Hurricane season: Different storm types

Huge waves pound the Virginia Beach Oceanfront during Hurricane Sandy. (Facebook/Marc Bianchini)
Huge waves pound the Virginia Beach Oceanfront during Hurricane Sandy. (Facebook/Marc Bianchini)

What is a Tropical Depression?

Just north of the equator during the late summer and early fall, tropical waves move from east to west. These elongated areas of thunderstorms and relatively low air pressure often begin rotating and acquiring steady winds of 25 to 38 mph. Once those wind speeds are reached, the tropical wave becomes a Tropical Depression.

What is a Tropical Storm?

A Tropical Depression becomes a Tropical Storm when thunderstorms move into the center of circulation and steady winds reach to between 39 and 73 mph. At this point, the Tropical Storm is assigned a name. On satellite pictures, Tropical Storms often take on a “comma” shape.

What is a hurricane?

A hurricane is a large rotating storm of tropical origin, centered around an area of very low pressure…the eye. The whole storm system may be five to six miles high and 300 to 600 miles wide with sustained winds reaching 74 mph or greater. It moves like an immense spinning top, with forward speeds of up to 30 mph. As the warm sea heats the air above it, a current of very warm, moist air rises quickly, creating the center of low pressure at the surface. Trade winds rush in toward this low pressure and the inward spiraling winds whirl upward releasing heat and moisture before descending. The rotation of the Earth causes the rising column to twist counterclockwise, gradually taking on the form of a cylinder, whirling around the relatively calm eye.
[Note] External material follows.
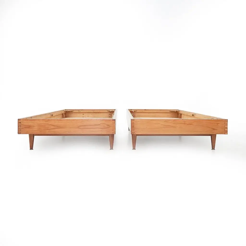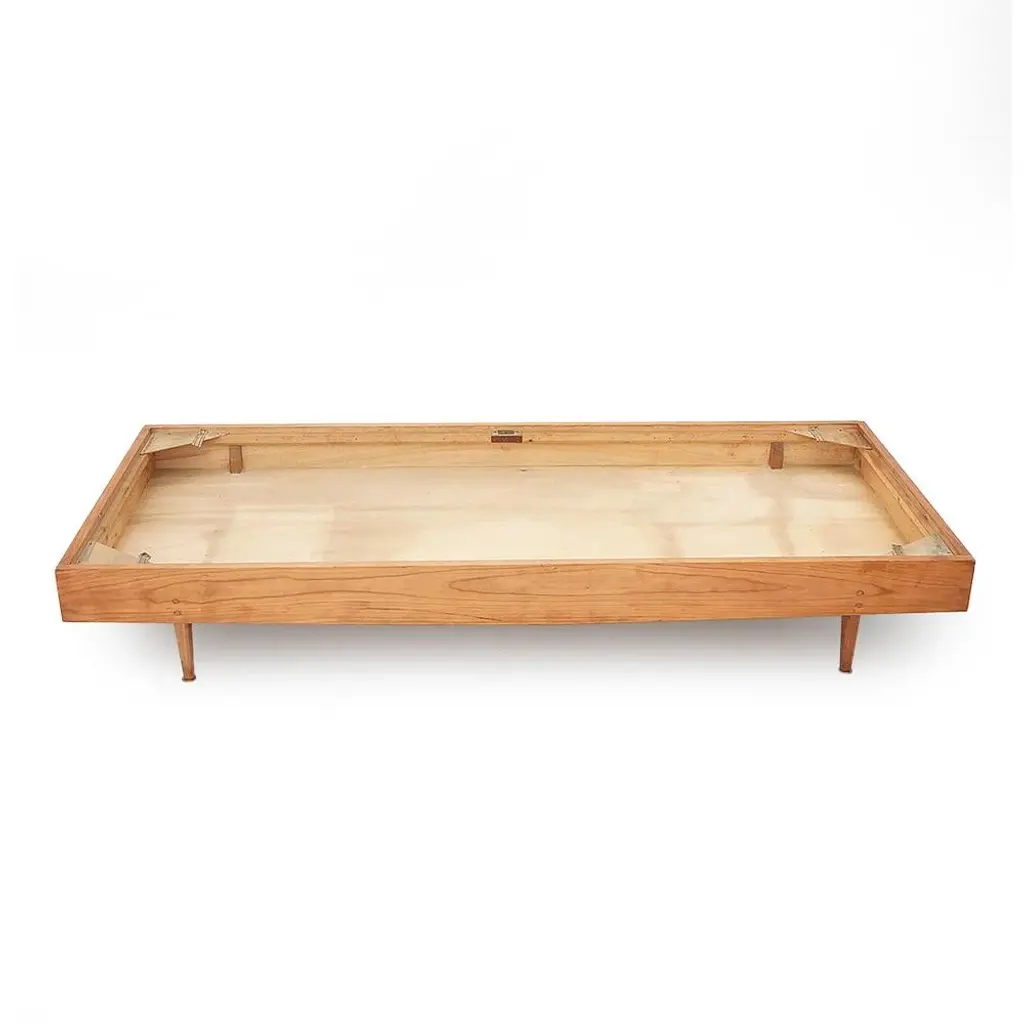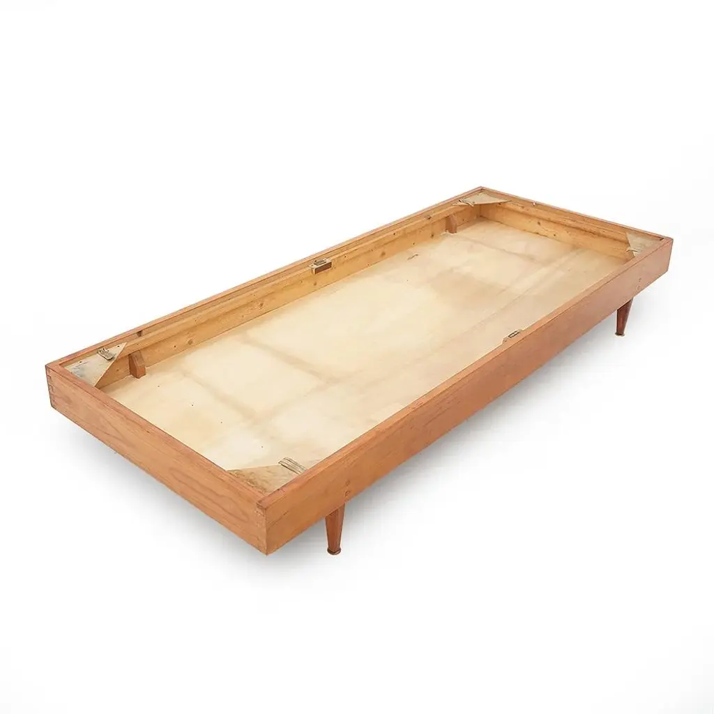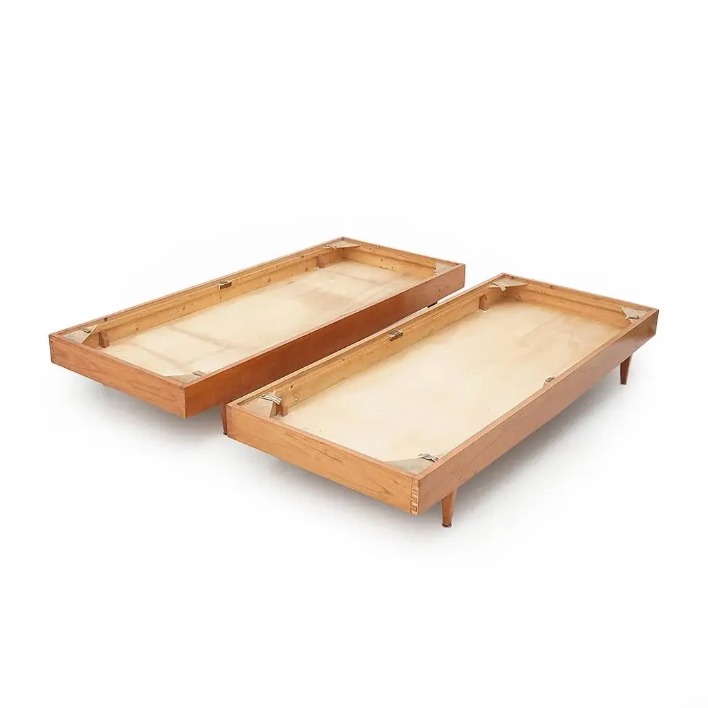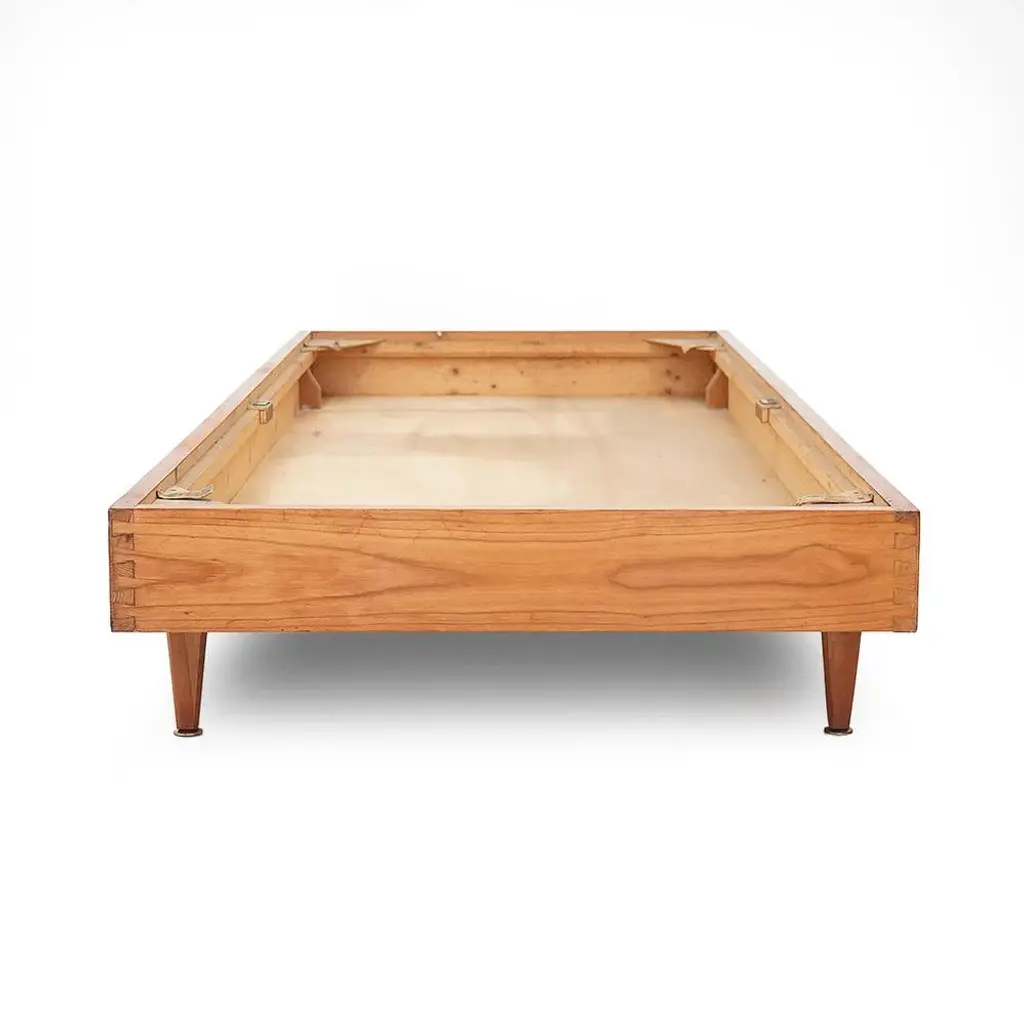 Structure in veneered wood. Legs in tapered wood with brass foot. Accommodates a max. 194x77.5 cm bed base The price refers to a single piece. Dimensions: Length 199.5 cm - Depth 83 cm - Height 30.5 cm

As a hurricane encounters the friction of land, the winds become more turbulent , creating small, short-lived tornadoes. But the most devastating effect of the hurricane is called storm surge. The 74+ mph winds of a hurricane traverse vast expanses of open water, literally piling up water ahead of it. When this mass of water meets the immovable mass of shoreline, the water climbs up the shore to produce widespread tidal flooding.

Storm surge can continue into the rivers and inlets connected to the ocean and the Chesapeake Bay. Storm surge rises beyond the waterways into our neighborhoods, and often into our homes. The maximum effect of a hurricane is felt within 50 miles of its center…usually just northeast of the eye.